Sibyl E Wray, MD
,
Hope Neurology, Knoxville, TN, USA, Knoxville, TN
Douglas L Arnold, MD
,
Montreal Neurological Institute, McGill University, and NeuroRx Research, Montreal, Quebec, Canada, Montreal, QC, Canada
Jeffrey A Cohen, MD
,
Mellen Center, Cleveland Clinic, Cleveland, OH, USA, Cleveland, OH
Alasdair J Coles, MD
,
University of Cambridge, Cambridge, UK, Cambridge, United Kingdom
Christian Confavreux, MD
,
University Claude Bernard, Lyon, France, Lyon, France
Edward J Fox, MD
,
MS Clinic of Central Texas, Round Rock, TX, USA, Round Rock, TX
Hans-Peter Hartung, MD
,
Heinrich-Heine University, Dusseldorf, Germany, Dusseldorf, Germany
Eva Havrdova, MD, PhD
,
Department of Neurology, First Faculty of Medicine, Charles University in Prague, Prague, Czech Republic, Prague, Czech Republic
Krzysztof Selmaj, MD, PhD
,
Medical University of Lodz, Lodz, Poland, Lodz, Poland
Howard L Weiner, MD
,
Brigham and Women's Hospital Center for Neurologic Diseases, Boston, MA, USA, Boston, MA
Tamara A Miller, MD
,
Advanced Neurology of Colorado, Ft Collins, CO, USA, Ft Collins, CO
Cary L Twyman, MD
,
Associates in Neurology PSC, Lexington, KY, USA, Lexington, KY
Stephen L Lake, ScD
,
Genzyme, Cambridge, MA, USA, Cambridge, MA
David H Margolin, MD
,
Genzyme, Cambridge, MA, USA, Cambridge, MA
Michael A Panzara, MD
,
Genzyme, Cambridge, MA, USA, Cambridge, MA
Alastair Compston, MD
,
University of Cambridge, Cambridge, UK, Cambridge, United Kingdom
Background: Alemtuzumab showed efficacy superior to subcutaneous interferon beta-1a (SC IFNB-1a) among relapsing-remitting multiple sclerosis (RRMS) patients in the CARE-MS I and II studies.
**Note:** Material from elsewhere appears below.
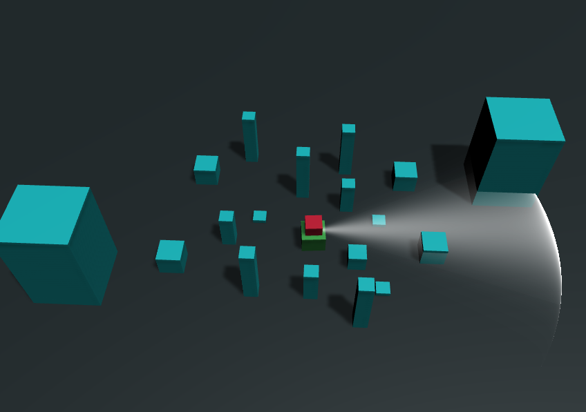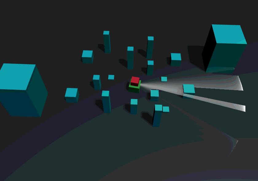 当这个视线光锥开始扫描的时候,为了表达更加真实的效果,在出现扫描到障碍物的时候,会出现光线被遮挡的效果。如图所示:当光锥扫描到前面的障碍物的时候,会出现光线被遮挡的效果。

Acyclovir prophylaxis was introduced midway through the CARE-MS trials at the recommendation of the Data Monitoring Committee due to an increase in mucocutaneous herpes infections after alemtuzumab, most often during the first post-treatment month.
Objectives: To evaluate whether prophylactic treatment with acyclovir during the first month following alemtuzumab treatment is effective in reducing the risk of herpetic infections.
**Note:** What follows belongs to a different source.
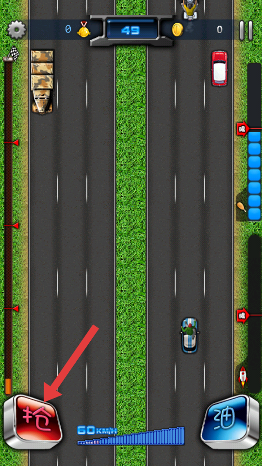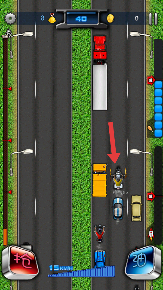 4、合理搭配武器使用時機如優(yōu)先用武器清除大型卡車障礙、保留武器應(yīng)對密集車流,同時積累撞車得分,達成關(guān)卡得分。

Methods: CARE-MS comprised two 2-year phase 3 trials, in treatment-naïve RRMS patients (CARE-MS I) and in active RRMS patients who had experienced disease activity while on prior therapy (CARE-MS II). Patients received alemtuzumab 12 mg intravenously on 5 days at entry and on 3 days 12 months later or IFNB-1a 44 µg SC 3× weekly. After a protocol amendment in January 2009, patients received oral acyclovir 200 mg twice daily during each alemtuzumab infusion and for 28 days thereafter.
Results: During 2 years of follow up, the overall incidence of any herpetic infection was higher in the alemtuzumab 12 mg group (16.0%) than the IFNB-1a group (2.0%). The most commonly reported events in the alemtuzumab 12 mg group was oral herpes (9.2% of patients), compared with 1.5% of patients in the IFNB-1a group. During the first course of alemtuzumab 12 mg, 205/811 (25.3%) patients received prophylactic acyclovir, which reduced the incidence of herpes infections during the first month (1/205 patients; 0.5%) compared with no prophylaxis (28/606 patients; 4.6%). During the second course, 521/789 (66.0%) patients in the alemtuzumab 12 mg group received acyclovir, and the incidence of herpes infections during the first month following alemtuzumab was again lower in patients who received prophylaxis than in those who did not (4 [0.8%] vs 7 patients [2.6%], respectively).
Conclusions: Overall, these data suggest that prophylactic treatment with acyclovir for 1 month following each alemtuzumab treatment course is effective in reducing the risk of herpetic infections.